Hi all,
Good to hear from you, hp, but quite understand if a break is called for - hope we see you again in due course.
I think on balance the splinter thread seems to be a bad idea - my only thought was to keep us together, in a sense (by providing an outlet for redness), rather than splitting us - perish the thought. This thread is fab. (Even if I've been too busy entertaining two lots of visitors to come onto it over Easter until now.) And lovely to hear a word of reassurance from YTD. I'll try not to see this as a challenge to find the very worst things to share! (Only kidding.)
Am feeling rather mixed about the whole business at the moment (despite being already on a possible baby train...). For most of the weekend had friends with a young baby (four months) visiting. He's very cute and very co-operative but I didn't feel any massive maternal urges, or find him all that fascinating - though he is a bit young to be so yet so no reflection on him. His parents, who are very dear friends, are absolutely besotted, and fasciated by his every gurgle, which is lovely to see (they've waited a very long time for this) - but also still a bit mystifying from the outside.

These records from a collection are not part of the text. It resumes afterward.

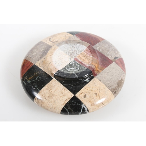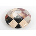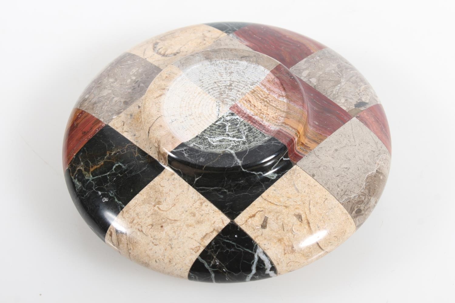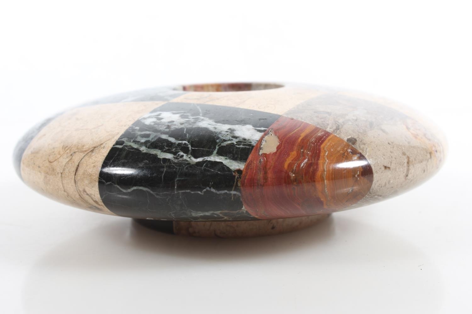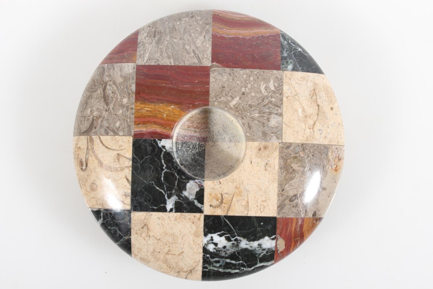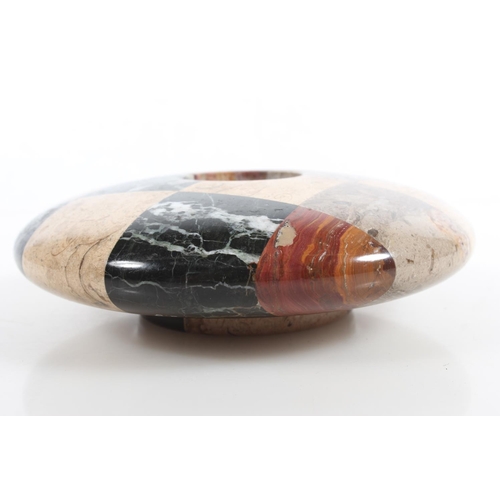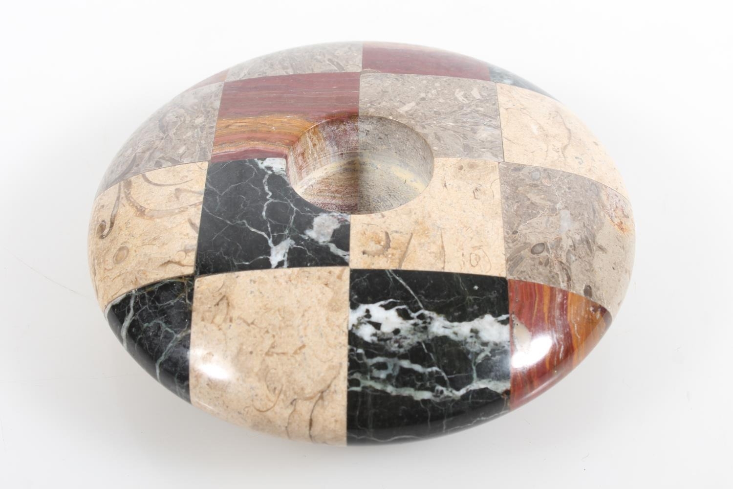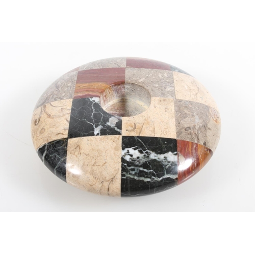Natural History interest, a polished agate mineral specimen candleholder of discus form, 16cm diameter.
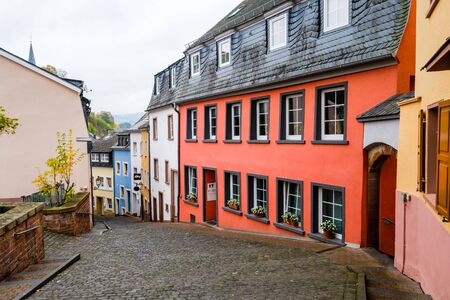 Street colorful houses in a street with cobblestones in the historic town of Saarburg, Germany. Not many tourists on the street on this cloudy day.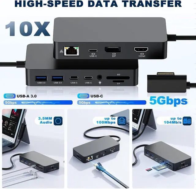 Super Speed Data Transfer Surface Docking StationThis Surface Pro docking station comes with 2 * USB A 3.0(5Gbps) and 3 * USB C data (5Gbps) ports for seamless data transfer,allows you to connect keyboard,mouse,USB flash driver,USB C hard disks,etc;Extra SD TF 3.0 slot up to 104mb/S , UHS-I, maximum support 2TB, support two cards to read at the same time. no need to carry sd reader.

I know there's no earthly reason why I should feel maternal towards someone else's child (might have been a bit worrying if I had) but I still thought there may have been a twinge of excitement or longing, especially as I'm supposed to be mentally preparing myself for this becoming a reality, or at least the possibility that this might happen. Also two little boys of two and four in the next wave of visitors - cute too but definitely very very hard work. On a more positive note with them, they are getting more manageable, and my DH was quite interested in them, albeit in short bursts, so that was encouraging given his usual child-phobic stance (which isn't softening at all despite me having started on the IVF path).
Anyway, apologies for long post but slightly bemused/disquieted by my lack of engagement with real life babies and children (I mean I did engage fully with them all, obviously - and not just so our friends didn't disown us - but felt emotionally rather detached...). Perhaps it's a defence mechanism, but if so it's hiding its true colours very well.

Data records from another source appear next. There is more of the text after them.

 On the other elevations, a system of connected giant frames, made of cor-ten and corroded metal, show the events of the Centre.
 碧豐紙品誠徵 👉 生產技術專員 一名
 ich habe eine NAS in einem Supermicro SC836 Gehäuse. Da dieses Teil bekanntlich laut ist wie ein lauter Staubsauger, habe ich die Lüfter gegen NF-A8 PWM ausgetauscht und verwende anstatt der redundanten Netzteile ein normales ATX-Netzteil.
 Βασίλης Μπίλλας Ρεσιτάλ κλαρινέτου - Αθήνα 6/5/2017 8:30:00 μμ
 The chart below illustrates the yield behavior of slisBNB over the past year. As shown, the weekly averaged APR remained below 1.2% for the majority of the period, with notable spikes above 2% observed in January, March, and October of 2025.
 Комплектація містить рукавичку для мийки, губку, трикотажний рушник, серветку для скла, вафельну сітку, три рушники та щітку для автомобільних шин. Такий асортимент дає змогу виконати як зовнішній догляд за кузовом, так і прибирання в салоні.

(Mind you, I was cooking for much of the weekend (enjoyably, for the most part) so perhaps that was part of it!)
I feel very much in tune with confused's post, in fact. This has been close to how I feel for a while in some ways. So why am I doing IVF?? (I know this is becoming a stuck record, this cycle of thinking from me - sorry.) I do also have the odd flash of green. I am fascinated by kids in theory (absolutely love watching any tv programme about them, even the tediously-similar-in-format supernanny type ones), and I think I'll be ok at it - as all non-parents no doubt do. I also think I may/will regret it if I dn't, and this is perhaps a stronger feeling than it is for confused (probably because I'm older ). But not sure what evidence I have for this suspicion (I suppose the point is I can't get any at this stage!) or where it comes from.
Anyway, certainly haven't had any panics or any real thoughts that I should stop taking the drugs and get off this particular train, so hoping that means something at least. I must be the most half-hearted IVF-er in the world though.
BTW, like the way that confused has her own sign !
So I'm in the same old place! And think people are right that a splinter thread wouldn't be a good plan - sounds like hp needs a more drastic break than that, and the rest of us are happy to stay put and nourish our lovely community with whatever we are thinking/doing/pondering. And don't ever regret posting when you are tiddly, Seagreen - those are always lovely posts! (I sent my mum some flowers via the internet for mother's day, and as I typed in the message when I was a bit tipsy, it was quite soppy heartfelt about how inspirational she was, which could have been awful, but she was actually really touched and apparently 'moved to tears' so I was glad in the end!)
Wow, I'm obviously lacking an ear to bend now the guests have gone - will leave you in peace! xxx
PS. Many welcomes to our new members (and hi again Amanda).